### Work item
Quote the whole listing word for word. Do not include the pictures.
------------------------------------
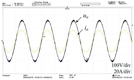 The a-phase voltage and current waveform measured during steady-state operation are shown in Figure 12. It can be seen that the voltage and current remain almost in the same phase, and the power factor is close to 1, ensuring the efficient operation of the system.
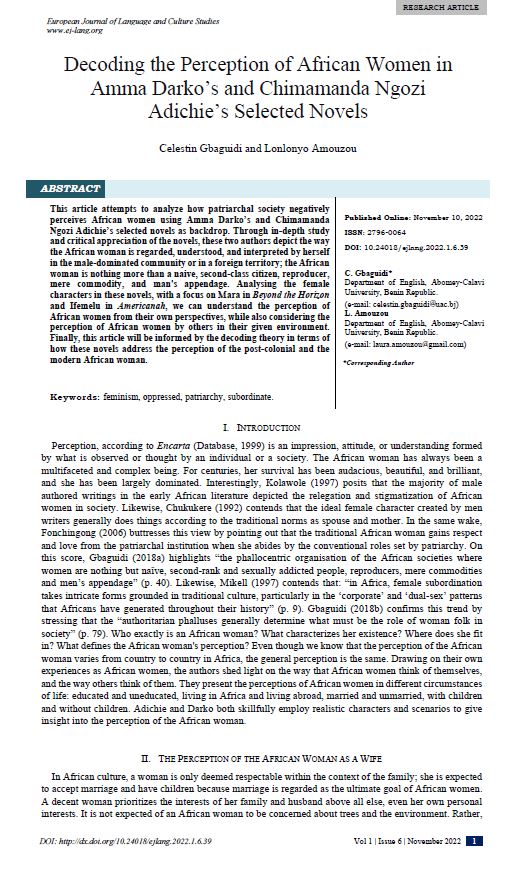Decoding the Perception of African Women in Amma Darko’s and Chimamanda Ngozi Adichie’s Selected Novels
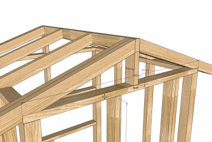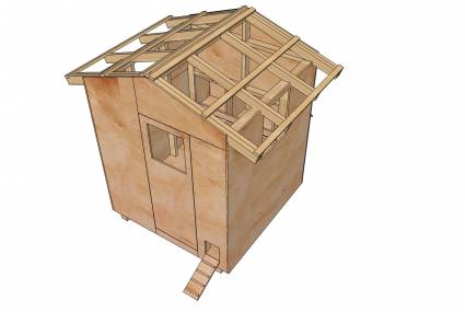 Разрежьте стропила крыши 100 мм х 50 мм, как показано в планах. Там будет 12 в целом, шесть с каждой стороны крыши. Обратите внимание, что существует двойной стропила на каждом конце крыши. Это объясняется тем, внутри верхней части передних и задних стен может быть выложены, что исключает любые высокие уступы, которые могли бы быть проблемой для кур. Сделать дно открытия курица люка не менее 75 мм над уровнем пола.
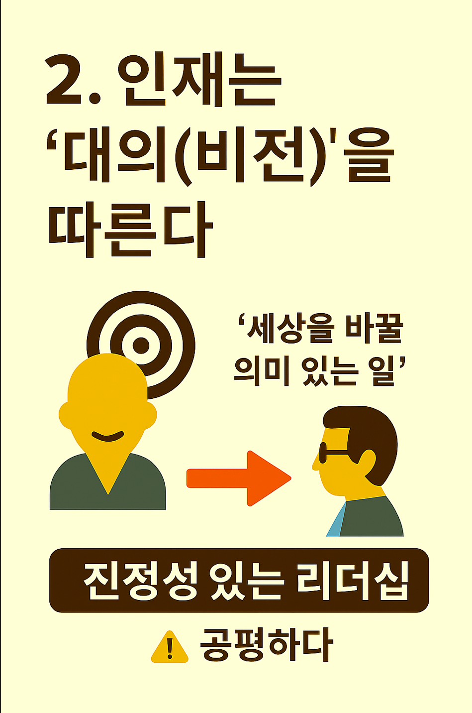 유비가 세 번의 방문 끝에 제갈량을 만나 '천하삼분지계'를 논했듯, 인재는 그 회사가 가진 '비전'과 '대의'를 봅니다. 단순히 월급을 많이 주는 회사가 아니라, '이 리더와 함께라면 세상을 바꿀 만한 의미 있는 일을 할 수 있겠다'는 확신이 들어야 마음이 움직입니다. 이런 비전을 제시하고 공감을 얻는 것은 매우 어려운 일입니다.
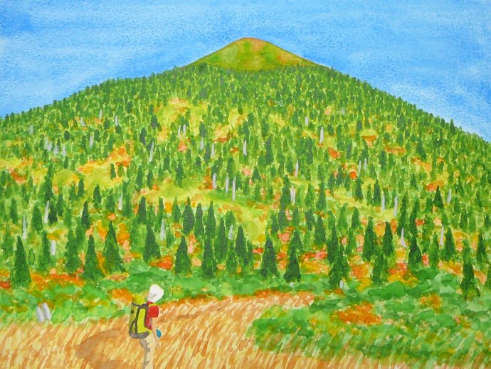 で、この絵は、山頂から下って、鞍部で振り返ったところなんですが…
------------------------------------
### Solution
 The a-phase voltage and current waveform measured during steady-state operation are shown in Figure 12. It can be seen that the voltage and current remain almost in the same phase, and the power factor is close to 1, ensuring the efficient operation of the system.
Decoding the Perception of African Women in Amma Darko’s and Chimamanda Ngozi Adichie’s Selected Novels
 Разрежьте стропила крыши 100 мм х 50 мм, как показано в планах. Там будет 12 в целом, шесть с каждой стороны крыши. Обратите внимание, что существует двойной стропила на каждом конце крыши. Это объясняется тем, внутри верхней части передних и задних стен может быть выложены, что исключает любые высокие уступы, которые могли бы быть проблемой для кур. Сделать дно открытия курица люка не менее 75 мм над уровнем пола.
 유비가 세 번의 방문 끝에 제갈량을 만나 '천하삼분지계'를 논했듯, 인재는 그 회사가 가진 '비전'과 '대의'를 봅니다. 단순히 월급을 많이 주는 회사가 아니라, '이 리더와 함께라면 세상을 바꿀 만한 의미 있는 일을 할 수 있겠다'는 확신이 들어야 마음이 움직입니다. 이런 비전을 제시하고 공감을 얻는 것은 매우 어려운 일입니다.
 で、この絵は、山頂から下って、鞍部で振り返ったところなんですが…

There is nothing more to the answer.